[Given information]

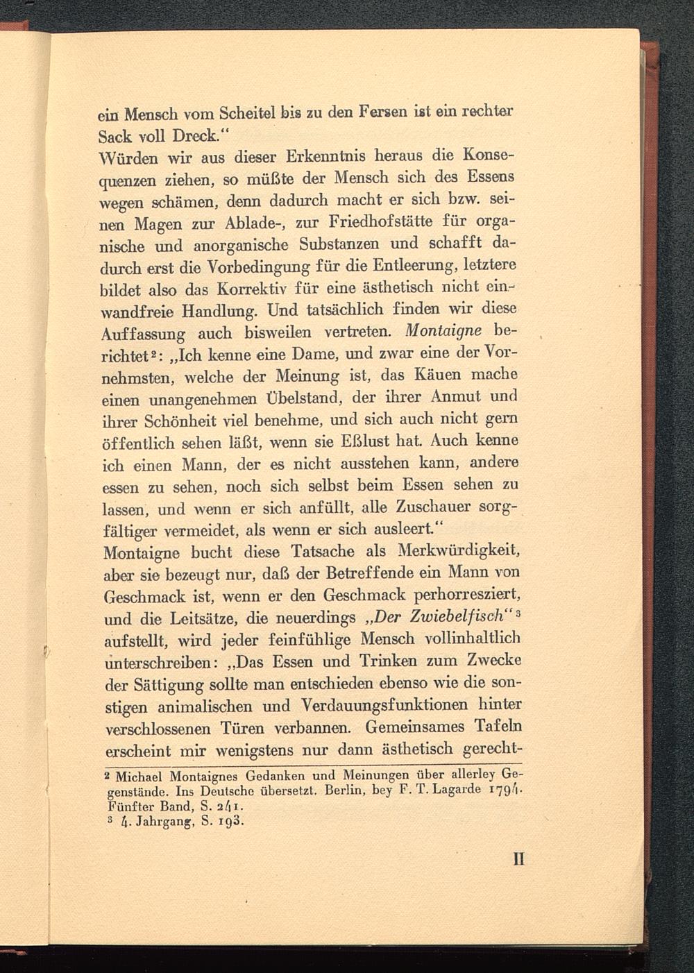 2 Michael Montaignes Gedanken und Meinungen über allerley Ge-genstände. Ins Deutsche übersetzt. Berlin, bey F. T. Lagarde 179').Fünfter Band, S. ail.
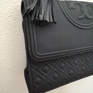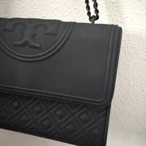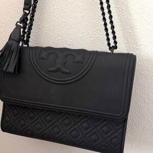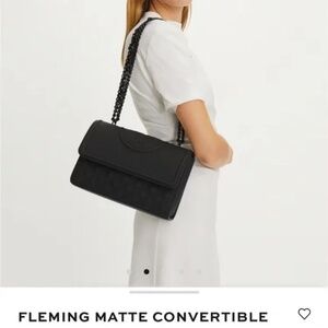 Tory Burch Fleming Matte Black Convertible Leather Handbag
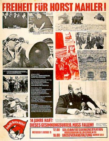 | Хорст Малер в тюремной камере, 1978 год. Кадр из фильма «Германия осенью» | Листовка с требованием освобождения Хорста Малера |
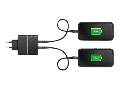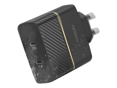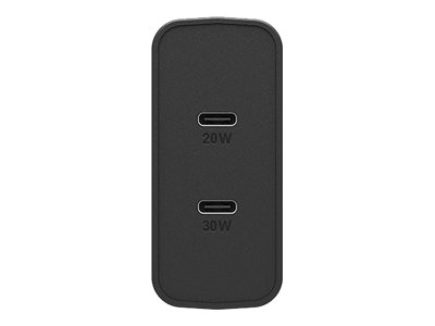 OtterBox Wall Charger - Strömadapter - 50 Watt - 3 A - PD 3.0, USB BC 1.2 - 2 utdatakontakter (USB-C) - svart skimmer

[Your assignment] Your task is an exact transcription of all the data, minus the pictures.

[Result for this exercise]
 2 Michael Montaignes Gedanken und Meinungen über allerley Ge-genstände. Ins Deutsche übersetzt. Berlin, bey F. T. Lagarde 179').Fünfter Band, S. ail.
 Tory Burch Fleming Matte Black Convertible Leather Handbag
 | Хорст Малер в тюремной камере, 1978 год. Кадр из фильма «Германия осенью» | Листовка с требованием освобождения Хорста Малера |
 OtterBox Wall Charger - Strömadapter - 50 Watt - 3 A - PD 3.0, USB BC 1.2 - 2 utdatakontakter (USB-C) - svart skimmer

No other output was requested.